Oda oldukça yeni hissettiriyordu: modern mobilyalar, keyifli bir balkon, temiz bir banyo… Ama en çok balkondan göle bakmak, sabah kahvemi alıp huzurla vakit geçirmek hoştu. Otel “oda + kahvaltı” konseptinde hizmet sunuyor. Kahvaltı salonunda yöresel peynirlerden taze ekmeklere, mis gibi çay kokusuna kadar iyi bir başlangıç yaptım. Gün içinde otel lobisi ve bar alanında hafif bir dinlenme, akşam gölün kıyısında yürüyüşle birleştiğinde, kaçış hissi ve doğayla iç içe olma birleşimi güçlüydü.

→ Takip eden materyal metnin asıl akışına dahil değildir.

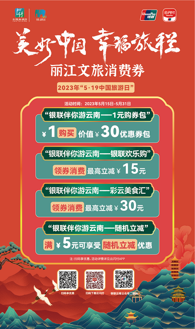 5月19日、20日两天,还将在丽江古城玉河广场开展“中华民族一家亲·同心共圆中国梦”民族歌舞展演、综合文化艺术体验、非遗美食节、文创产品展售、现场直播等活动,同时携手中国银联“云闪付”发放“美好中国 幸福旅程”丽江文旅惠民消费券。
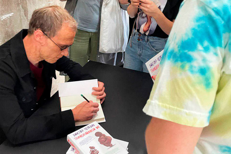 На кадрах человек, похожий на писателя, раздает поклонникам автографы в подвале, рядом с ним можно заметить новую книгу писателя — «TRANSHUMANISM INC.».
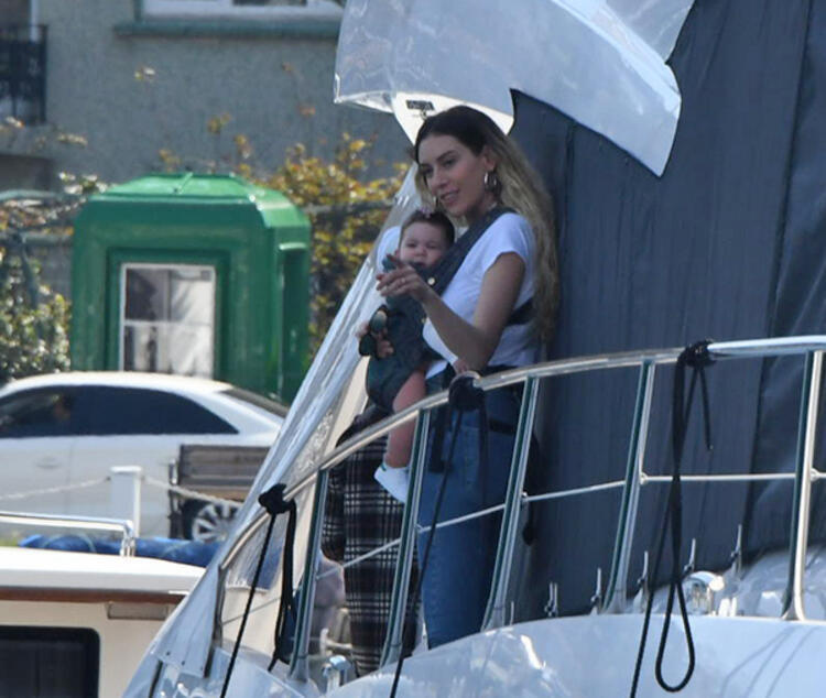 Bir ara minik kızını alıp teknenin güvertesine çıkan Sinem Kobal, Lalin’e hem martıları hem de denizi seyrettirmişti. Annesinin kucağında tüm sevimliliğiyle etrafı seyreden Lalin bebek, güzel oyuncunun adeta kopyası gibiydi.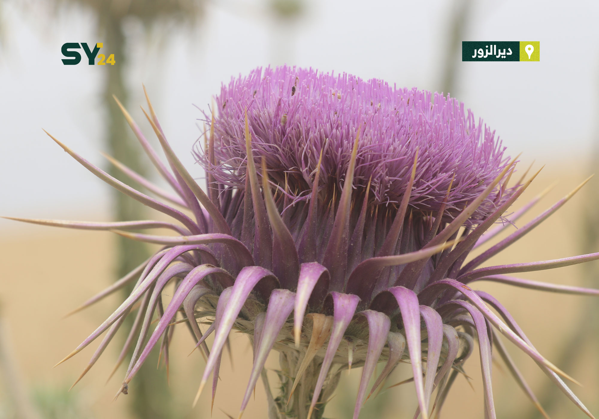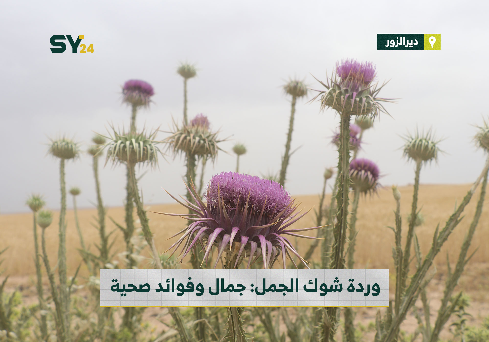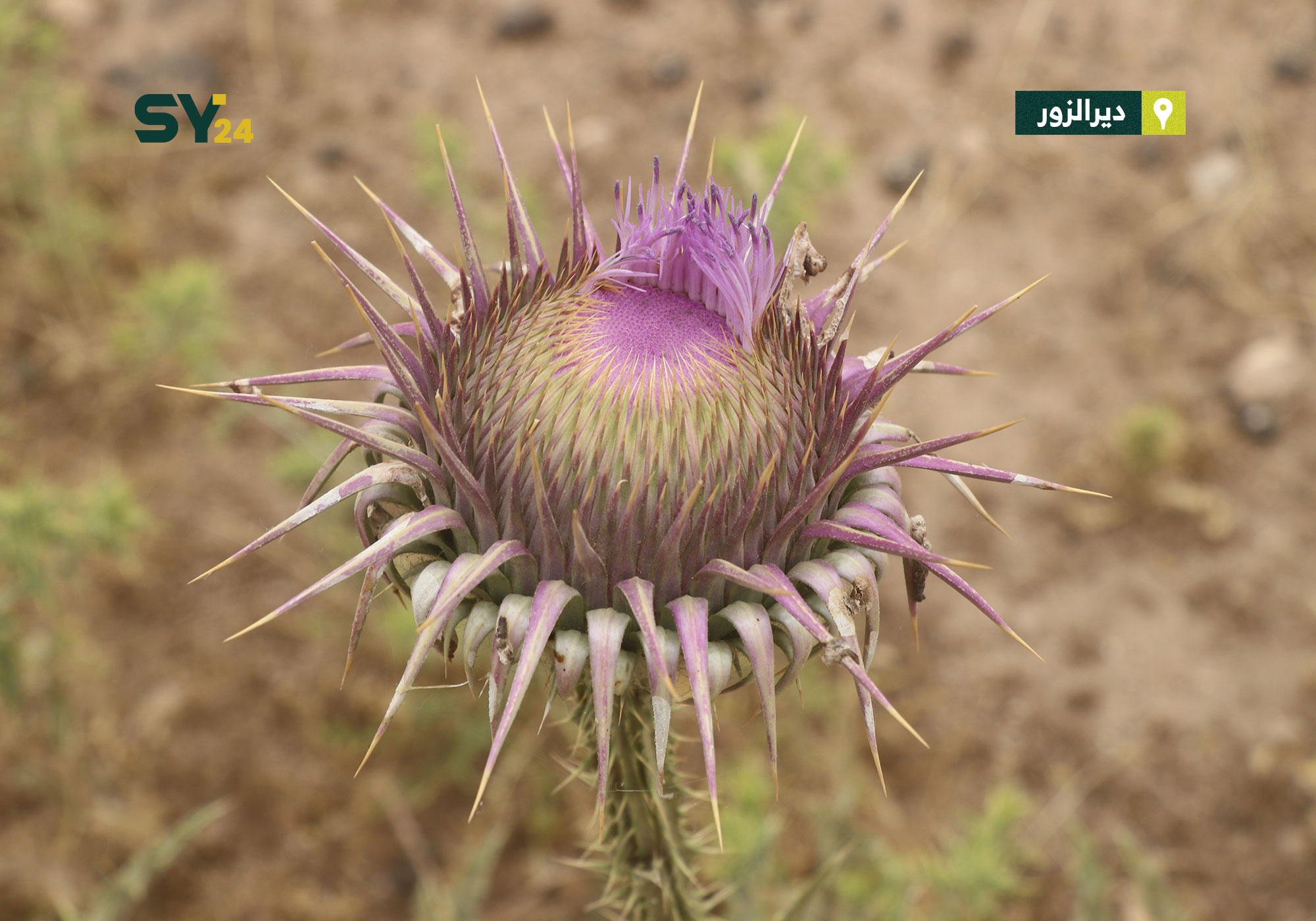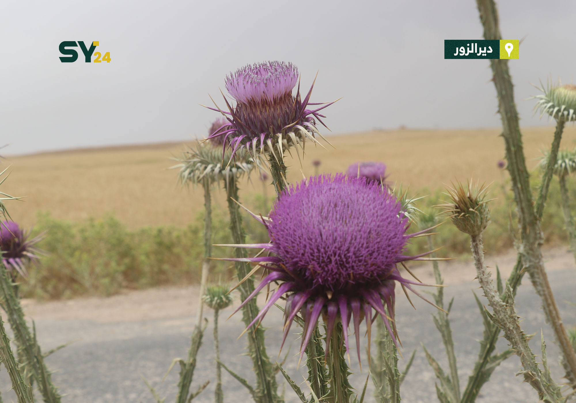 صور لوردة شوك الجمل التي تتميز بفوائدها الطبية وألوانها الزاهية في منطقة الكسرة بدير الزور.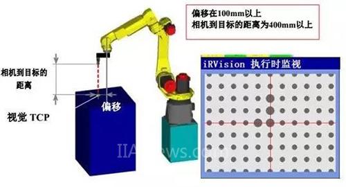 视觉零点标定(Vision Mastering)功能,将相机安装在机器人的工具尖端(无需精度),在多个机器人姿势下,自动测量已被固定的同一测量目标,调整J2~J5轴的零点标定参数和J2~J6轴的弹性系数。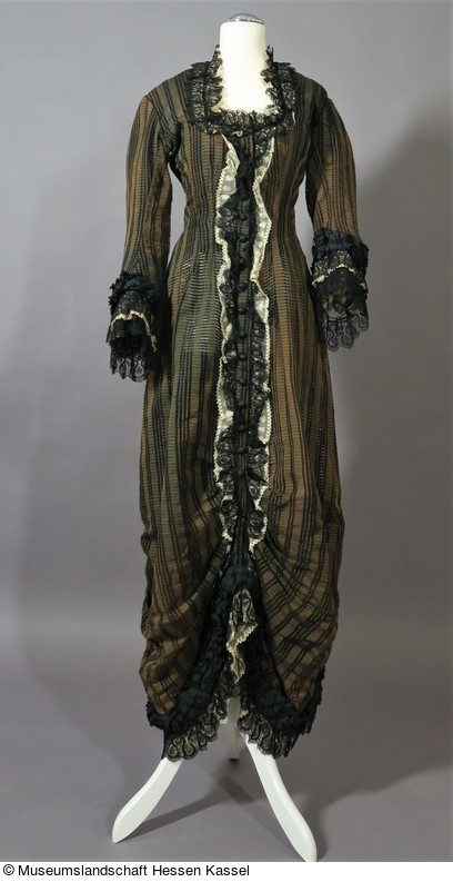 schwarzbraunes Überkleid eines Tournürenkostüms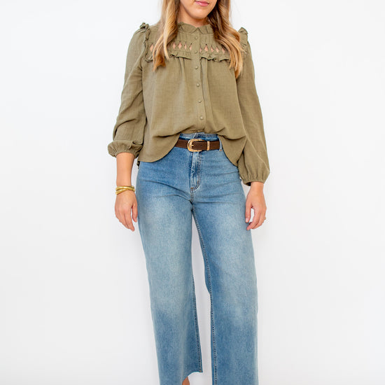 If between sizes, size up. Elle is 5'10", size 30 in pants, wearing a size L, her larger size.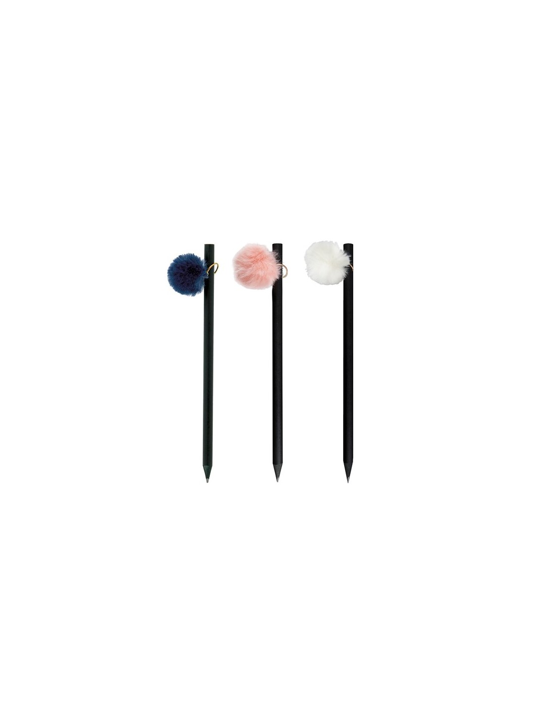 Lápiz de madera de color negro con pompón colgante en distintos colores Material : Madera / Poliéster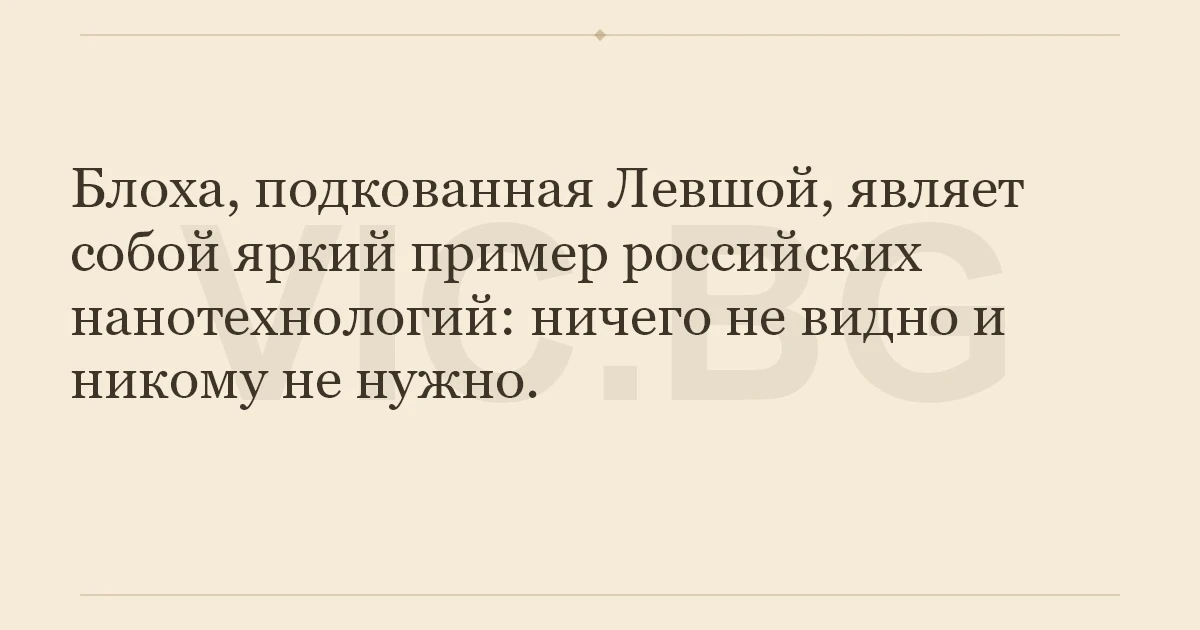 Блоха, подкованная Левшой, являет собой яркий пример российских нанотехнологий: ничего не видно и никому не нужно.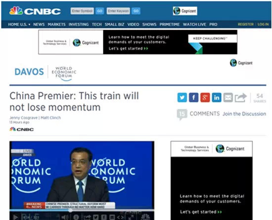 華爾街日報(bào)、彭博新聞社、金融時(shí)報(bào)、CNBC和美聯(lián)通訊社等美國主流媒體,都報(bào)道了李克強(qiáng)總理在達(dá)沃斯論壇上有關(guān)中國將避免經(jīng)濟(jì)硬著陸,以及確保在中長期經(jīng)濟(jì)有所增長的講話。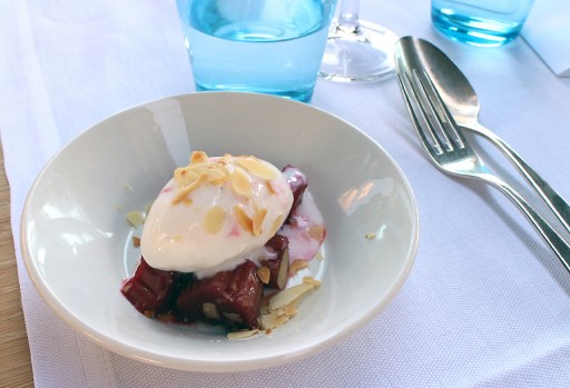 Roomijs van geitenmelk met rabarber en amandelschaafsel
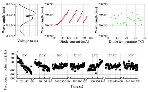 Fig. 3 (a) Saturation absorption spectrum of 85Rb atoms. (b) Variation in the output wavelength of the Voigt laser under changes in laser diode current. (c) Variation in the output wavelength of the Voigt laser under changes in laser diode temperature. (d) Temperature stress test: The laser diode temperature is increased by 2.5°C every 120 s, with the first 60 s allocated for temperature ramping and the subsequent 60 s for automatic relocking and stable operation of the Voigt optical frequency standard.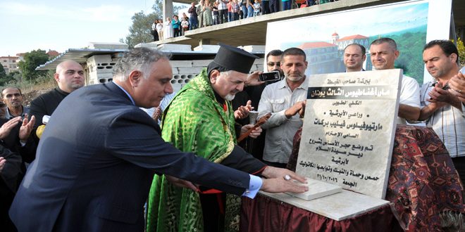 وخلال وضعه حجر الأساس لمشروع دير سيدة السلام في مرمريتا مساء اليوم بحضور فعاليات اجتماعية وسياسية وأهلية في منطقة وادي النضارة شدد البطريرك على “الحاجة الحقيقية إلى فاعلي السلام الذين يبنونه حجرا حجرا كي يعم سورية” مبينا أن الهدف من بناء دير السلام هو جمع أبناء سورية على المحبة والألفة.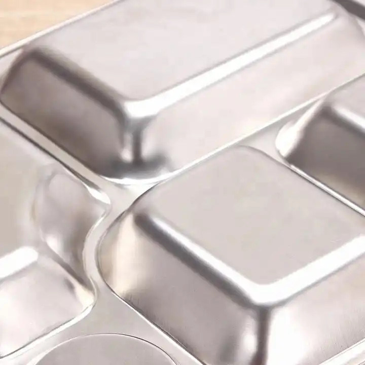 το δίσκο για ταχυφαγεία από ανοξείδωτο χάλυβα είναι κατασκευασμένο από υλικό από ανοξείδωτο χάλυβα SS201 και SS304 τροφικής ποιότητας που υπόκειται σε αυστηρό έλεγχο ποιότητας.με λαμπερό ασημένιο χρώμα και εύκολο στο καθαρισμόΤο υλικό από ανοξείδωτο χάλυβα με σταθερή απόδοση εμποδίζει το δίσκο τροφίμων από ανοξείδωτο χάλυβα να αντιδράσει με τα τρόφιμα και να επηρεάσει τη γεύση.Πιο παχύ και πιο βαθύ δίσκο γρήγορου φαγητού μπορεί να περιέχει περισσότερα τρόφιμα και σούπα διαθέσιμαΑνθρωποποιημένο φλάντζερ που προστατεύει τα χέρια μας από τραυματισμούς και υπάρχει κάλυμμα από ανοξείδωτο χάλυβα ή κάλυμμα PP για να διαλέξετε.

Konsept olarak, büyük zincir otellerin formel havasından ziyade “sessiz, samimi, huzur odağı” bir tatil anlayışıyla ilerlediğini düşündüm. Özellikle çiftler veya şehir stresinden kısa bir süreliğine uzaklaşmak isteyenler için uygun — sessizliğe değer verenler için balkonunda oturup doğayı izlemek yeterli olabilir. Küçük bir detay olarak, otelin doğa içinde konumlanmış olmasının bazı “doğayla iç içe” etkenleri getirdiğini de not düşmeliyim: özellikle akşam saatlerinde çevrede bulunan yeşillik içinde kuşların ve hafif doğa seslerinin varlığı hissediliyor. Doğa kaçamağının bir parçası gibi düşündüğümde artı puan olarak etki etti.
Sonuç olarak, Sapanora Otel beklentimi gayet olumlu seviyede karşıladı ve kısa süreli bir huzur tatili için gönül rahatlığıyla tercih edilebilir bir mekan olduğunu söyleyebilirim.